I blame Microsoft. outlook is just an app - but it takes an O/S to go blue!

 

[henryhbk]

Could earth put a moon synchronous orbit satellite to be a relay (either to ground or via starlink like Starship does) and sort of bypass the need for surface receivers, get for places like mars etc that doesn't work but the moon is easy to match since it basically matches with us. I assume you could do the reverse around the moon and have an earth synch satellite that links with the one orbiting earth then between those you can hammer at high speed then your folks on the moon only need to talk to that local satellite which is way lower power?

 

[henryhbk]

The optical comm community isn't huge, and has a lot of overlap. And many of the missions work together and build off previous work.

O2O is a terminal that had a nearly identical partner on the ISS. That was ILLUMA-T. ILLUMA-T communicated with LCRD.

OCTL (https://tmf.jpl.nasa.gov/about/octl.php) at JPL is an optical ground station that has supported LLCD, LCRD, TBIRD, DSOC and now O2O.

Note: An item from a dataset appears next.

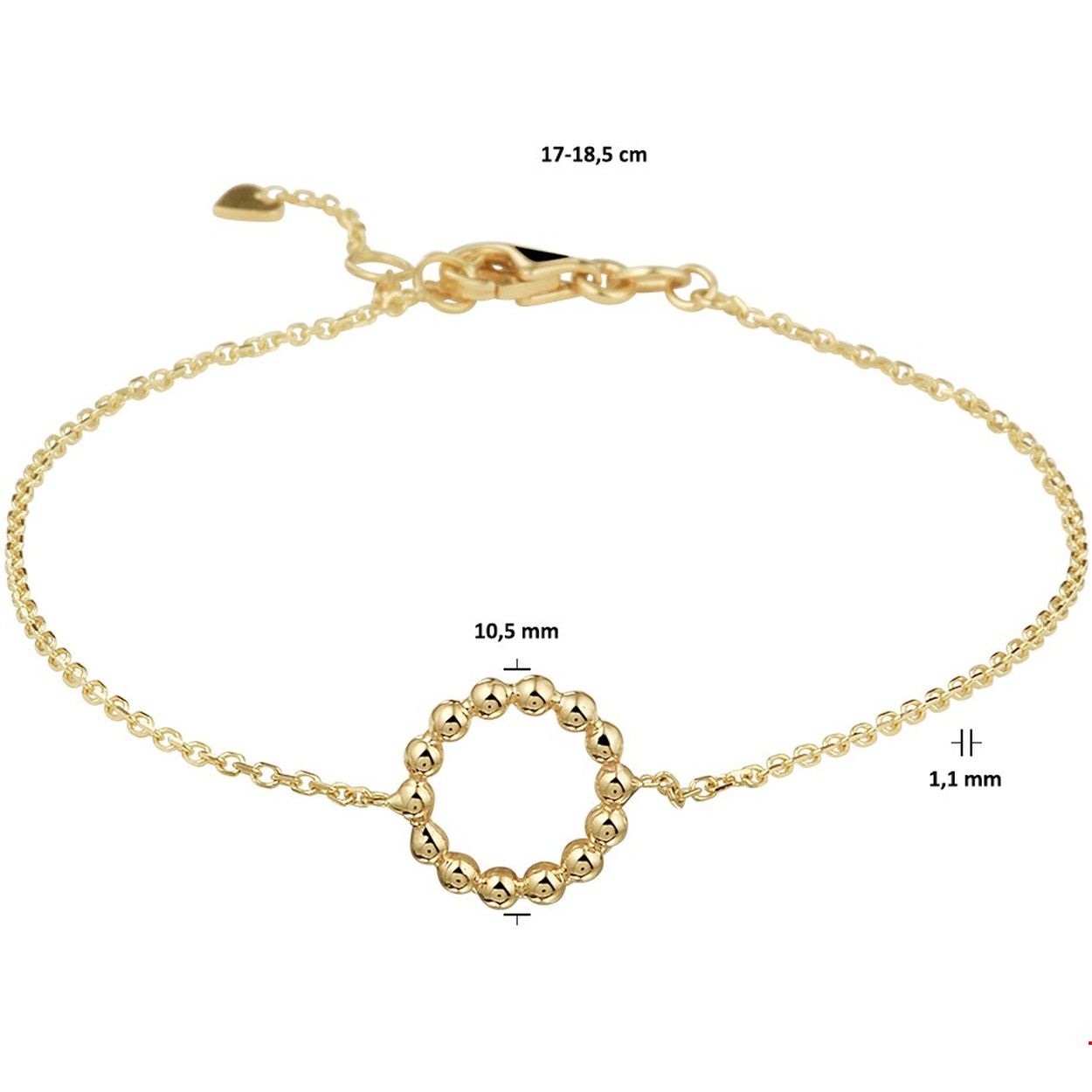 Moderne 14k geelgouden anker armband met poli afgewerkte bolletjes die een open rondje vormen van 10.5mm. De armband is uitgevoerd met een karabijn sluiting en heeft draaglengtes van 17 en 18.5cm. Tip: Deze armband is perfect te combineren met andere gouden bolletjes sieraden uit onze collectie of je eigen stash! Zo creeer je elke keer weer een nieuwe look!

And these are lasers in the sky, so obviously cat videos are the way to go.

Big Photon is always trying to keep the little guys down...

 

[spaceminions]

That's an interesting choice. The D5 is a sports and wildlife camera, with a design focused on high performance autofocus for tracking fast moving subjects and high burst rates. This is important if you're photographing, say, birds of prey and trying to capture the moment where a raptor grabs a songbird.

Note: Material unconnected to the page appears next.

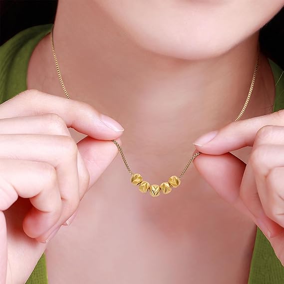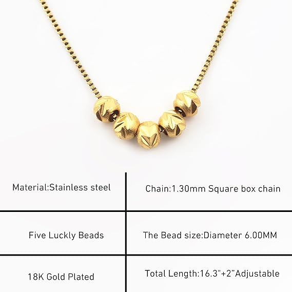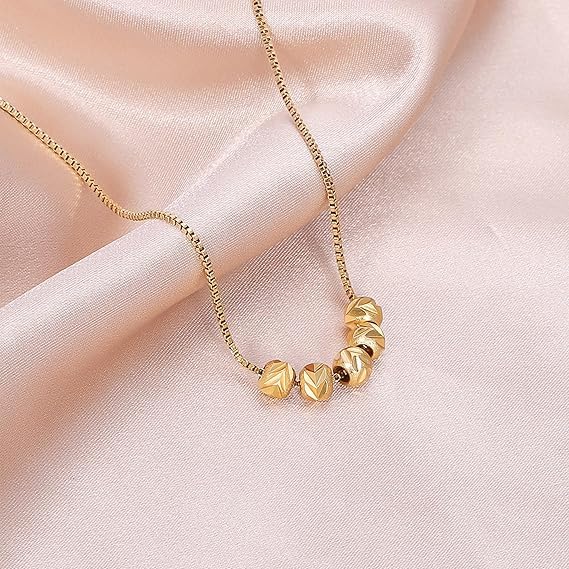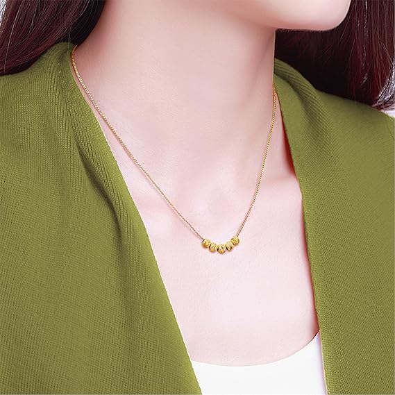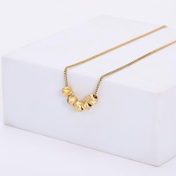 Fayrouz Jewellery - قلادة خرز لاكلي ، سلسلة انيقة على شكل 5 كورة متصله ، سلسلة ذهبية أنيقة، ستانلس ستيل مطلية بالذهب عيار 18 قيراط، هدايا للنساء والفتيات، عيد الميلاد، الذكرى السنوية، الكريسماس،من فيروز جوليري

None of that is necessary for photographing the moon which isn't darting around unpredictably. Were I asked to select a Nikon DSLR, I'd go with the D850 as Nikon's premier portrait/landscape DSLR.

I mean, maybe they want to reduce the chance the astronauts use the camera suboptimally and miss a shot that would have still been good enough for social media if only they hadn't missed focus or if only they had used more iso. To me, stabilization seems like it would have been worthwhile and neither one has it, and the iso of the d850 seems like it should already be excessive, but idk. Maybe they also wanted a bigger battery or something? maybe the d5 was on an easier to reach shelf? lol

 

[TheSolutor]

I mean, maybe they want to reduce the chance the astronauts use the camera suboptimally and miss a shot that would have still been good enough for social media if only they hadn't missed focus or if only they had used more iso. To me, stabilization seems like it would have been worthwhile and neither one has it, and the iso of the d850 seems like it should already be excessive, but idk. Maybe they also wanted a bigger battery or something? maybe the d5 was on an easier to reach shelf? lol

You're thinking to IBIS (in body image stabilization), which is stabilization done at the sensor level, but there is also the image stabilization done at the lens level, which is more common and (obviously) dependent on the lens you're actually using.

Some camera + lenses combinations have only the former, some only the latter, some have both of them, some have no stabilization at all.

In short, before concluding they have no stabilization you need to know what kind of lenses they're using.

 

[Hispalensis]

Such a potato quality video the moon literally looks like a (off-colour) potato

As the article points out, the laser system has some glaring limitations (I'll see myself out).